**Task prompt:** Please reproduce the lines of the records below from the one holding "Ouvert sur le" through the one holding "ここは、仙台堀川の海辺橋から", inclusive, skipping all pictures.

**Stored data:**
=-=-=-=-=
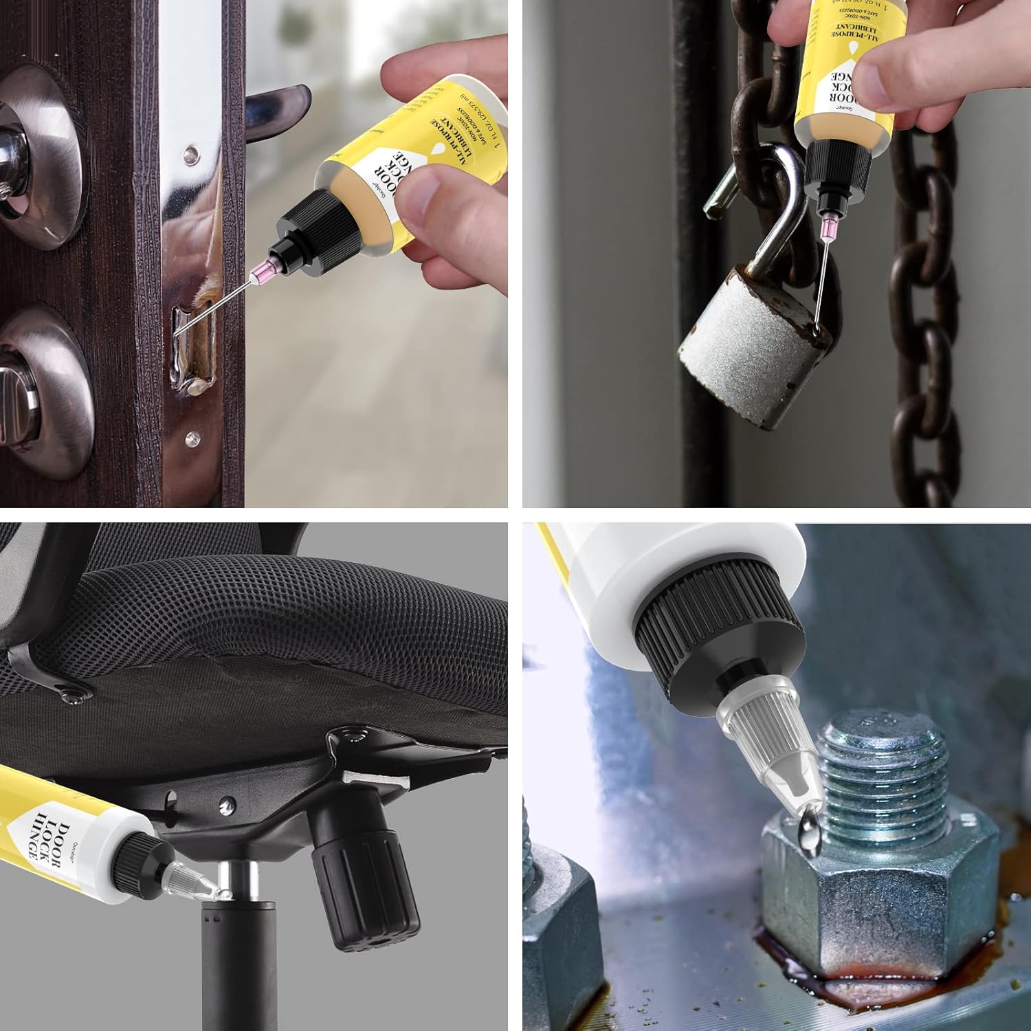 • EASY TO USE; 4oz twist spout + 1oz needle combo allows you to easily squeeze out door hinge lubricant, and makes it easy to lubricate hard-to-reach areas, get the right amount in the right spot, no worry about small gaps.
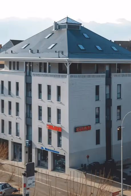 Ouvert sur le rond-point, un grand bâtiment de sept étages accueille des espaces de bureaux puis regroupe, dans son prolongement sur la rue des Deux-Ponts, des appartements pour étudiants et des logements sociaux. À l’arrière, un immeuble autonome propose sous un gabarit de R+4 des appartements en propriété par étage. En tout, plus de 1’600m2 de surface commerciale et pas moins de 42 unités d’habitations (dont 24 en PPE), un parking souterrain de 55 places et, dans la cour intérieure, un petit volume abritant une salle commune et un grand abri à vélos.
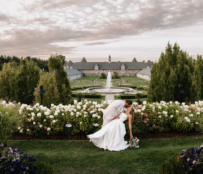 Castle Farms is an enchanting wedding venue in Charlevoix, MI. This historic venue invites couples to celebrate their love, surrounded by beautiful architecture and nature. Romantic courtyard chapels, magnificent formal gardens, soaring towers, and stone archways all combine to create a unique and elegant castle wedding tucked away in beautiful Northern Michigan.
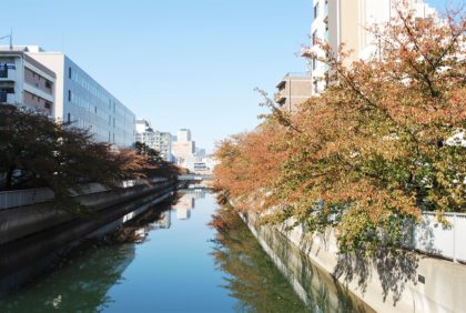 ここは、仙台堀川の海辺橋からの眺めです。赤の色付きが水面にも映っています。仙台堀川の両サイドはウォーキングコースとして遊歩道が整備されています。この水辺橋から目と鼻の先に「清澄庭園」があります。この庭園に隣接するのが「清澄公園」です。
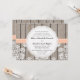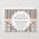 Des invitations à des mariages rustiques en ruban et en dentelle avec une clôture en bois patinée imprimée, une tête à ongles, un ruban de pêche et un ruban de corail pâle à la crème, du grain de bois et de la dentelle ancienne en damas sont parfaites pour une vintage cérémonie de mariage à thème de la ferme, de la ferme ou de la campagne. Créé et réalisé par Chrissy H. Studios, LLC.Tous droits réservés.
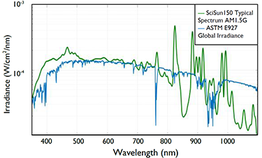 配以空氣濾片,SciSun太陽(yáng)模擬器的光譜輸出非常接近太陽(yáng)光譜,如圖所示
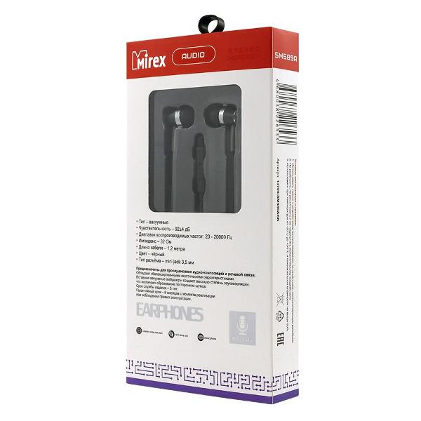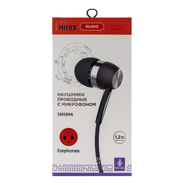 Наушники-вкладыши Mirex SM589A внутриканального закрытого типа выполнены из пластика черного цвета. Силиконовая оболочка кабеля защищает их от повреждений и препятствует перелому в местах сгиба. Модель оснащена микрофоном, позволяя пользоваться наушниками как гарнитурой. Управление воспроизведением осуществляется через переключатель, который находится на кабеле. Диаметр динамика — 9 мм. Сопротивление — 32 Ом. Чувствительность — 94 дБ. Частотный диапазон — 20–20000 Гц. Длина кабеля — 1,2 м. Вес — 60 г.
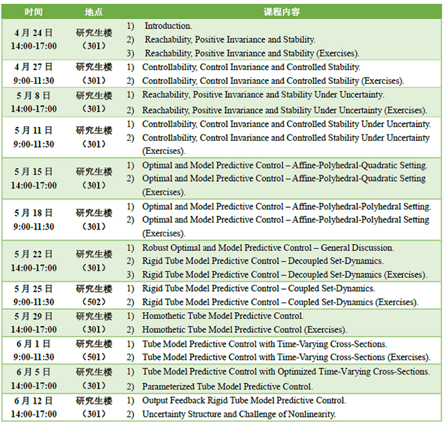 为对标国际顶尖高校,加快“双一流”建设步伐,北京理工大学bat365中文官方网站特邀控制科学与工程领域知名专家Saša V. Raković教授于4月24日至6月12日期间在北京理工大学开设前沿控制理论公开课。该课程为我校第二期来华留学英文授课品牌课程《随机过程理论及应用》的选修模块,课程内容涵盖模型预测控制,鲁棒模型预测控制等前沿控制理论。课程主要面向研究生和高年级本科生,欢迎感兴趣的同学参加。具体开课时间、地点和课程内容安排如下:
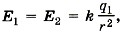 Глава 14. Электростатика § 91. Примеры решения задач по теме «Напряжённость электрического поля. Принцип суперпозиции полей»При решении задач с использованием понятия напряжённости электрического поля нужно прежде всего знать формулы (14.8) и (14.9), определяющие силу, действующую на заряд со стороны электрического поля, и напряжённость поля точечного заряда. Если поле создаётся несколькими зарядами, то для расчёта напряжённости в данной точке надо сделать рисунок и затем определить напряжённость как геометрическую сумму напряжённостей полей. Задача 1. Два одинаковых положительных точечных заряда расположены на расстоянии r друг от друга в вакууме. Определите напряжённость электрического поля в точке, расположенной на одинаковом расстоянии r от этих зарядов.
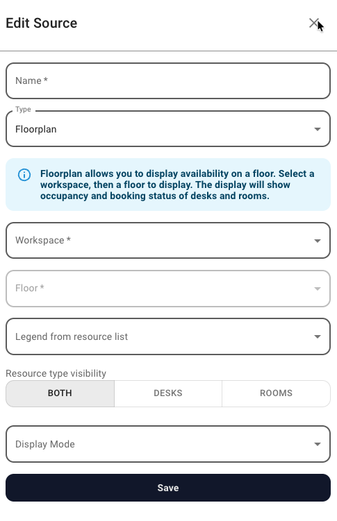 Next, you will add the floorplans as sources. For each floorplan source, you need to select the relevant workspace and floor. You also have the option to include Legends from the previously created Resource List Sources, as well as a Display Mode.
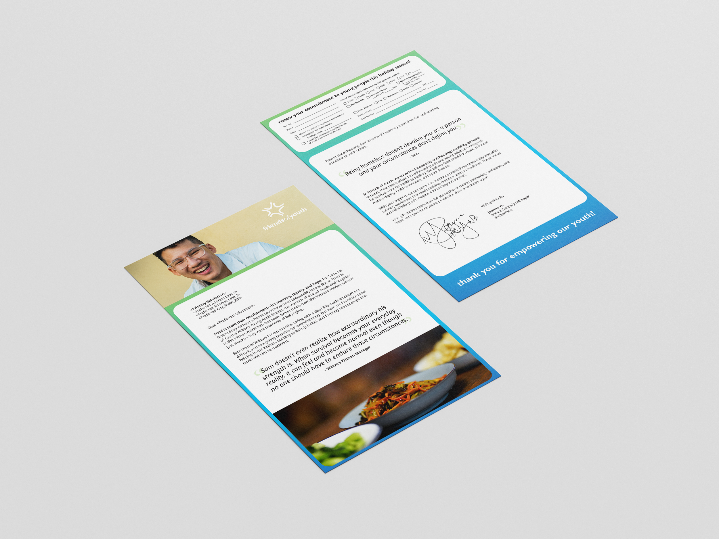 I worked directly with Friends of Youth’s Development team and our print vendor to create these donor appeals that were mailed out to the community. They were designed so that donors could tear off the bottom section and send it back to us with their information.
=-=-=-=-=
**Solution for this problem:**
 Ouvert sur le rond-point, un grand bâtiment de sept étages accueille des espaces de bureaux puis regroupe, dans son prolongement sur la rue des Deux-Ponts, des appartements pour étudiants et des logements sociaux. À l’arrière, un immeuble autonome propose sous un gabarit de R+4 des appartements en propriété par étage. En tout, plus de 1’600m2 de surface commerciale et pas moins de 42 unités d’habitations (dont 24 en PPE), un parking souterrain de 55 places et, dans la cour intérieure, un petit volume abritant une salle commune et un grand abri à vélos.
 Castle Farms is an enchanting wedding venue in Charlevoix, MI. This historic venue invites couples to celebrate their love, surrounded by beautiful architecture and nature. Romantic courtyard chapels, magnificent formal gardens, soaring towers, and stone archways all combine to create a unique and elegant castle wedding tucked away in beautiful Northern Michigan.
 ここは、仙台堀川の海辺橋からの眺めです。赤の色付きが水面にも映っています。仙台堀川の両サイドはウォーキングコースとして遊歩道が整備されています。この水辺橋から目と鼻の先に「清澄庭園」があります。この庭園に隣接するのが「清澄公園」です。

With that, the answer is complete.